Would you output all the lines below precisely as they stand, leaving each picture out?
Given data START
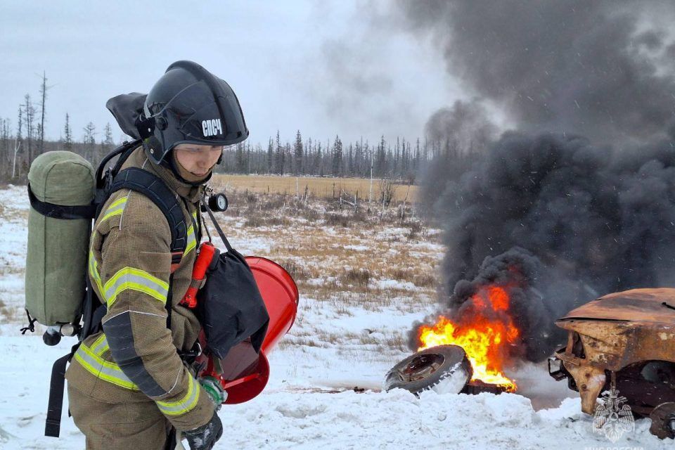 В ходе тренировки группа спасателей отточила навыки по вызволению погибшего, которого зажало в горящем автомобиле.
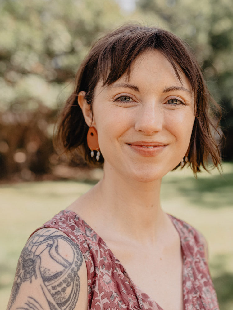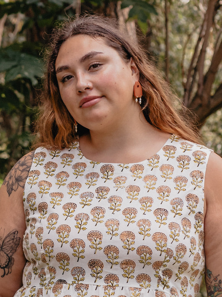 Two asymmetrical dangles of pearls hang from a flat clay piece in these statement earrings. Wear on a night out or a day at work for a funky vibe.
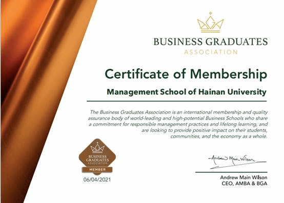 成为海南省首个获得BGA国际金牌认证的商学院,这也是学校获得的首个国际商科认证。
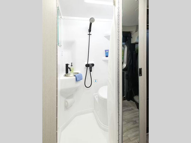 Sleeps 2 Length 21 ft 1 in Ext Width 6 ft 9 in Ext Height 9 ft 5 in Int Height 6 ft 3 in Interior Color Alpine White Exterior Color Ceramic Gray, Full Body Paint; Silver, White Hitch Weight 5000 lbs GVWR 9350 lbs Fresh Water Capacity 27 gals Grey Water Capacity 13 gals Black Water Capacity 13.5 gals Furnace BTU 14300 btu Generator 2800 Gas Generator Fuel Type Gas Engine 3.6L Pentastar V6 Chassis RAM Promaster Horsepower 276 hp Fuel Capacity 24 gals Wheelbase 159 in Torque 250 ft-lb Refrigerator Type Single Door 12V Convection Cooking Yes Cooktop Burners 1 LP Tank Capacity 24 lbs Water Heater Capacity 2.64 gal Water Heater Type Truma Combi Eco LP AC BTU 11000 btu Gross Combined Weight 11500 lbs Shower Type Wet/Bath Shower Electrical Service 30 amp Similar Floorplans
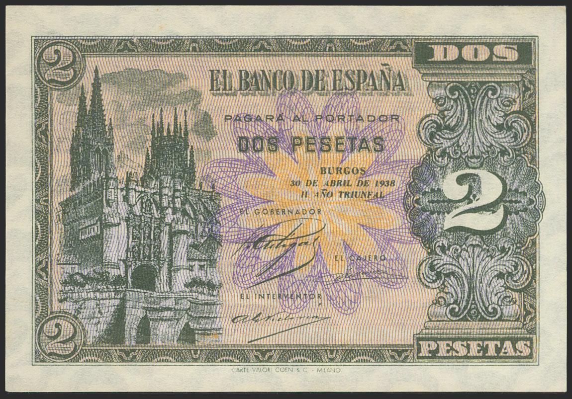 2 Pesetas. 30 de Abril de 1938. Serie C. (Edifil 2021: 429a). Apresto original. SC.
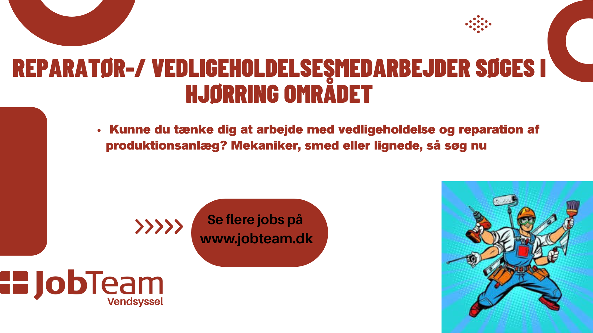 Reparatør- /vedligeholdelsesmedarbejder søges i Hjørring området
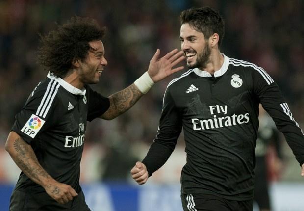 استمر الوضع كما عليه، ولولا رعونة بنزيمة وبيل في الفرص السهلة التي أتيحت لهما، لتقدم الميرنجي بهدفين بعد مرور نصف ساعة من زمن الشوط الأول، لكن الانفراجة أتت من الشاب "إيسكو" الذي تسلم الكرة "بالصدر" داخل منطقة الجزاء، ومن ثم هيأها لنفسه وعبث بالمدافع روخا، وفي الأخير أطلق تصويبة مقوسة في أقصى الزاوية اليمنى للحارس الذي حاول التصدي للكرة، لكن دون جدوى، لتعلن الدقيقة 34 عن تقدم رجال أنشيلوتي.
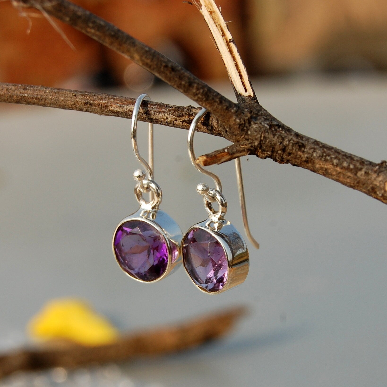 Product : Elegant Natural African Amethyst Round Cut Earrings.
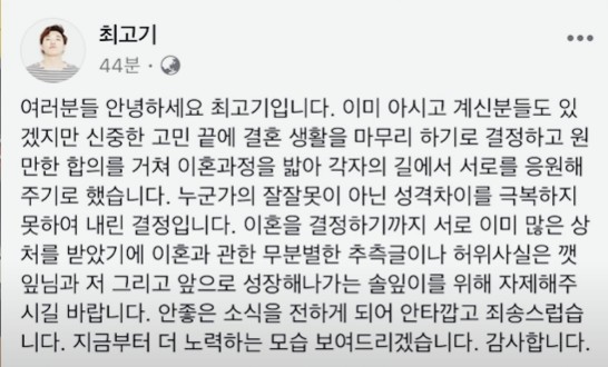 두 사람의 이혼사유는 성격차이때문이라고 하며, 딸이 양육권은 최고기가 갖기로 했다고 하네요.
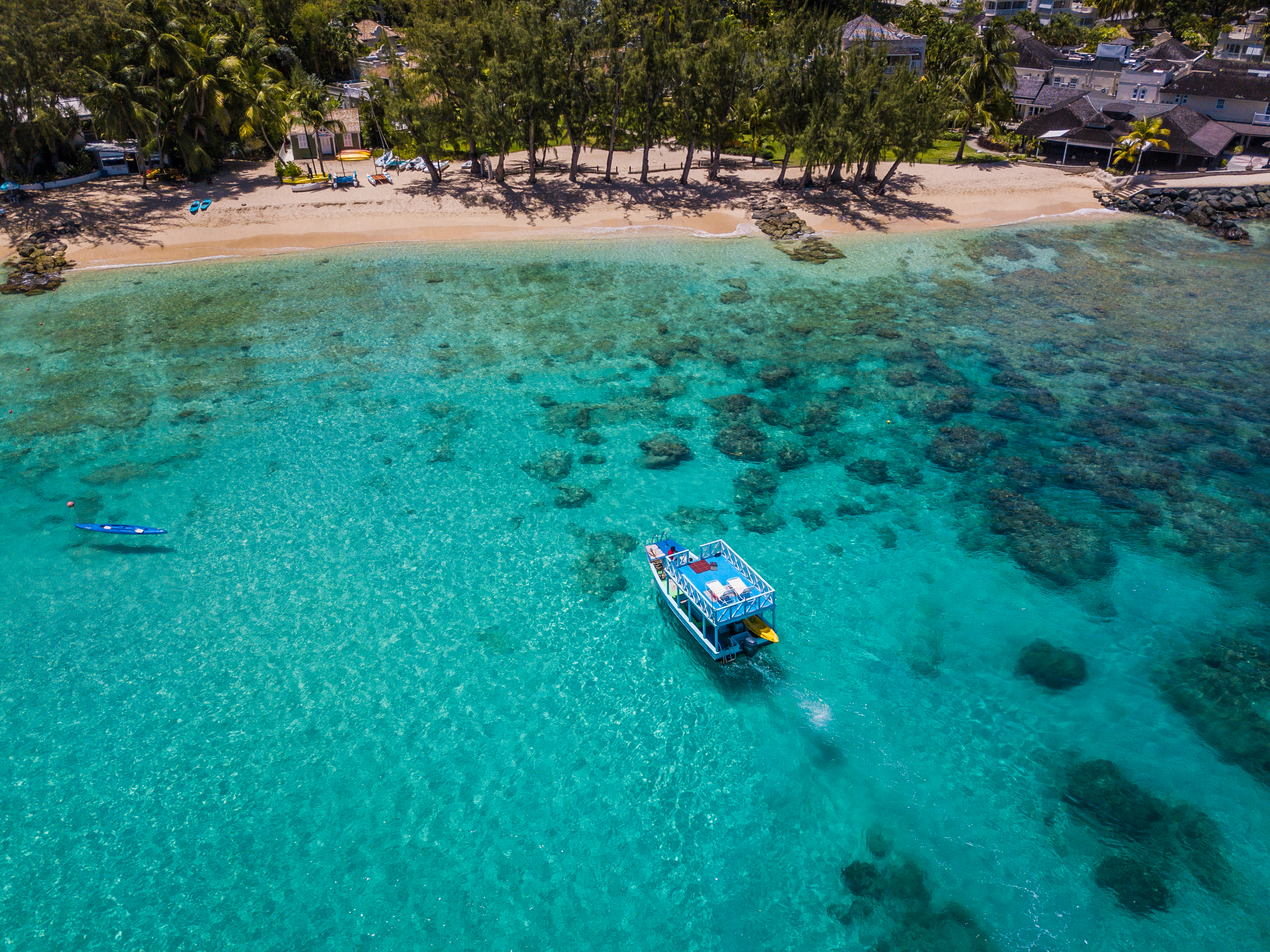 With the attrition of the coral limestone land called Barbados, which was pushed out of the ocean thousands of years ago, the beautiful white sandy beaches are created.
Given data END
Exercise solution:
 В ходе тренировки группа спасателей отточила навыки по вызволению погибшего, которого зажало в горящем автомобиле.
 Two asymmetrical dangles of pearls hang from a flat clay piece in these statement earrings. Wear on a night out or a day at work for a funky vibe.
 成为海南省首个获得BGA国际金牌认证的商学院,这也是学校获得的首个国际商科认证。
 Sleeps 2 Length 21 ft 1 in Ext Width 6 ft 9 in Ext Height 9 ft 5 in Int Height 6 ft 3 in Interior Color Alpine White Exterior Color Ceramic Gray, Full Body Paint; Silver, White Hitch Weight 5000 lbs GVWR 9350 lbs Fresh Water Capacity 27 gals Grey Water Capacity 13 gals Black Water Capacity 13.5 gals Furnace BTU 14300 btu Generator 2800 Gas Generator Fuel Type Gas Engine 3.6L Pentastar V6 Chassis RAM Promaster Horsepower 276 hp Fuel Capacity 24 gals Wheelbase 159 in Torque 250 ft-lb Refrigerator Type Single Door 12V Convection Cooking Yes Cooktop Burners 1 LP Tank Capacity 24 lbs Water Heater Capacity 2.64 gal Water Heater Type Truma Combi Eco LP AC BTU 11000 btu Gross Combined Weight 11500 lbs Shower Type Wet/Bath Shower Electrical Service 30 amp Similar Floorplans
 2 Pesetas. 30 de Abril de 1938. Serie C. (Edifil 2021: 429a). Apresto original. SC.
 Reparatør- /vedligeholdelsesmedarbejder søges i Hjørring området
 استمر الوضع كما عليه، ولولا رعونة بنزيمة وبيل في الفرص السهلة التي أتيحت لهما، لتقدم الميرنجي بهدفين بعد مرور نصف ساعة من زمن الشوط الأول، لكن الانفراجة أتت من الشاب "إيسكو" الذي تسلم الكرة "بالصدر" داخل منطقة الجزاء، ومن ثم هيأها لنفسه وعبث بالمدافع روخا، وفي الأخير أطلق تصويبة مقوسة في أقصى الزاوية اليمنى للحارس الذي حاول التصدي للكرة، لكن دون جدوى، لتعلن الدقيقة 34 عن تقدم رجال أنشيلوتي.
 Product : Elegant Natural African Amethyst Round Cut Earrings.
 두 사람의 이혼사유는 성격차이때문이라고 하며, 딸이 양육권은 최고기가 갖기로 했다고 하네요.
 With the attrition of the coral limestone land called Barbados, which was pushed out of the ocean thousands of years ago, the beautiful white sandy beaches are created.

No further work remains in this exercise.